While sign-on bonuses have become popular, experts say that nurses are looking for a rewarding workplace. This could help with healthcare employee retention and improve the level of nurse staffing and patient outcomes. Some tips for attracting and retaining nurses include:

  • Nurse residency programs. These programs tend to provide orientation and training that better prepare new nurses for the work, along with support and a sense of community.
  • Career development. The nursing profession benefits when nurses can learn and grow in their careers.
  • Recognizing top performers and veterans shows nurses that their contributions are valued.

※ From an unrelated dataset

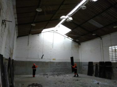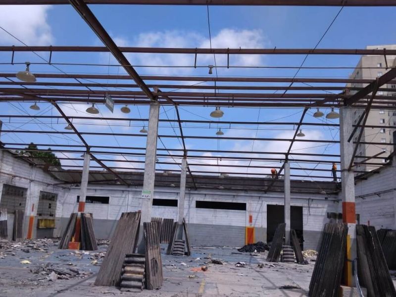 Demolição total de um galpão, segregação dos materiais reutilizáveis para reciclagem, remoção e transporte dos entulhos da demolição para aterro legalizado, deixando o terreno limpo e desimpedido para o novo empreendimento.

Additional Resources for Nurses

Many nurses find joining a nursing organization to be beneficial. The following resources support the nursing profession with advocacy, policy development, education, and other services. Their goal is to improve nurses’ well-being and career satisfaction, in order to improve patient outcomes.

Nursing Support and Patient Outcomes Go Hand in Hand

Nurses work hard at providing quality patient care. Those nursing professionals who stay in the field speak of the rewards of their profession. At the same time, they face the challenges of being on the front lines of a complex healthcare system. The global pandemic, now in its second year, has tested them.

Nurse leaders who support their staff with the strategies outlined here are positively impacting patient outcomes as well. Providing nurses with the professional workplace they deserve means that more patients will receive the quality care they need.